### Exercise instructions:
Your answer should be the lines from the one with "Three luminous, red, purple, green, textured, night" to the end of the data below, both included, exact and free of pictures.

### Provided material:
>>>
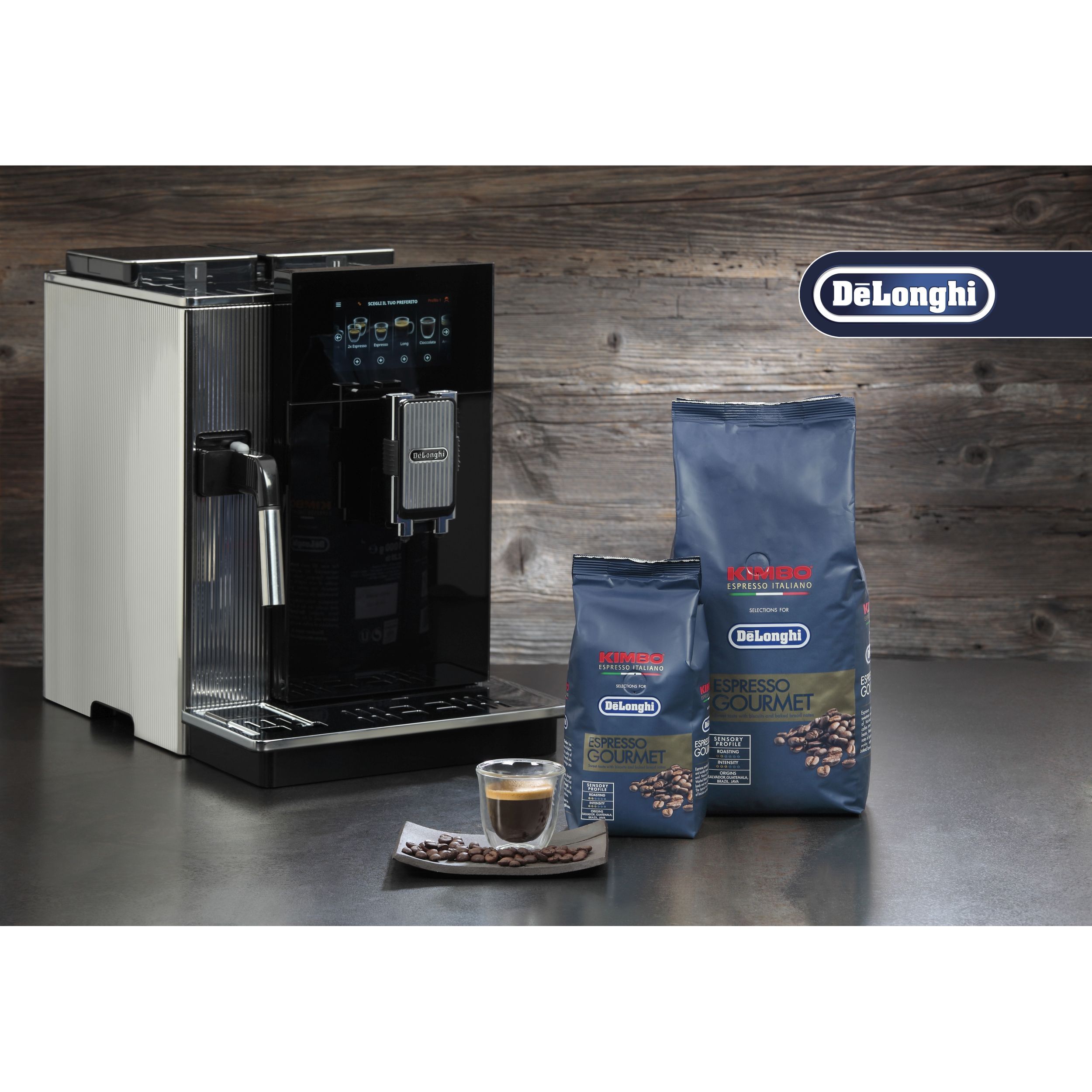 • Conține 4 sortimente de boabe de cafea KIMBO de 250 g și 2 pahare Espresso elegante.
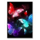Three luminous, red, purple, green, textured, night butterflies on black luminous background.
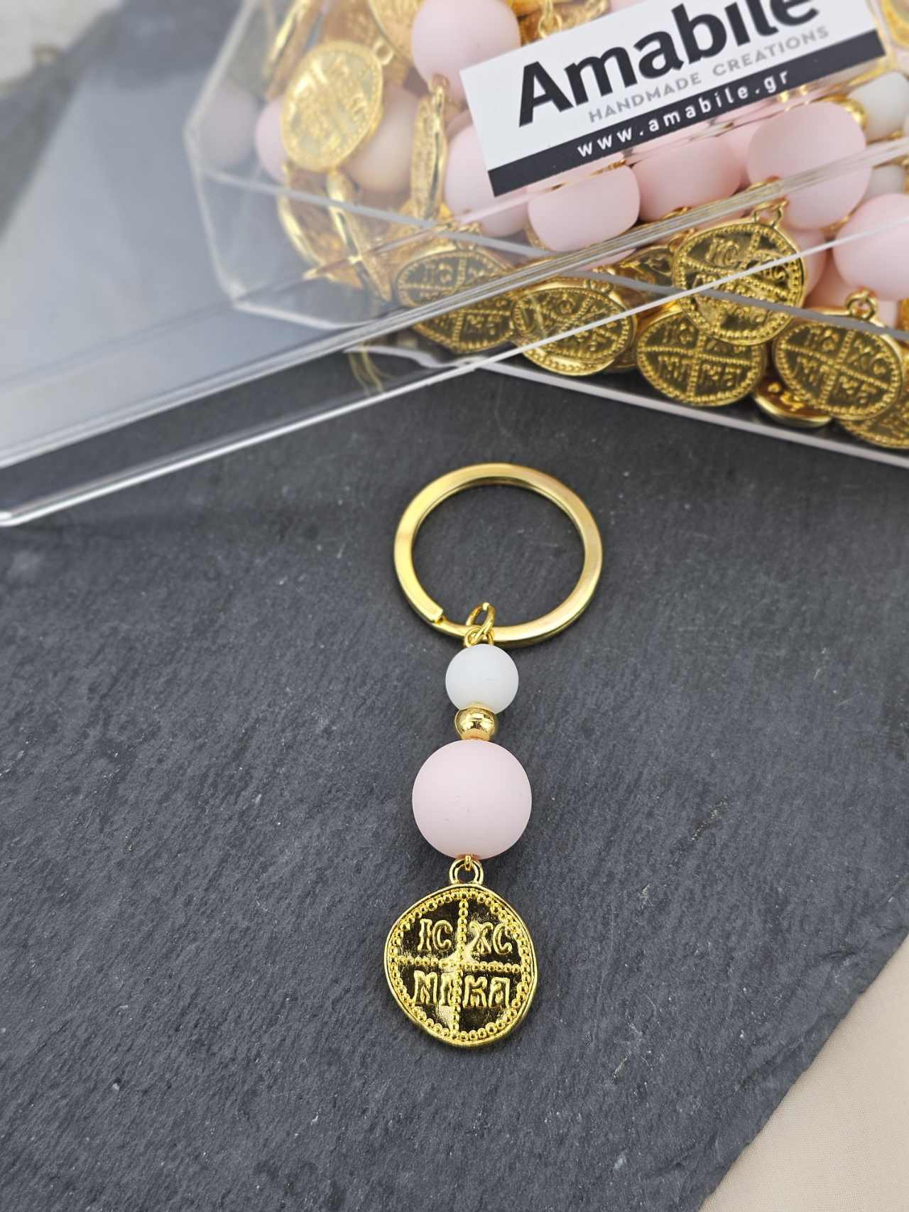 Χειροποίητο μαρτυρικό βάπτισης μπρελόκ με χάντρες και επίχρυσο Κωνσταντινάτο.Η συσκευασία περιλαμβάνει 50 τεμάχια και το κουτί μαρτυρικών.
<<<
### Task result:
Three luminous, red, purple, green, textured, night butterflies on black luminous background.
 Χειροποίητο μαρτυρικό βάπτισης μπρελόκ με χάντρες και επίχρυσο Κωνσταντινάτο.Η συσκευασία περιλαμβάνει 50 τεμάχια και το κουτί μαρτυρικών.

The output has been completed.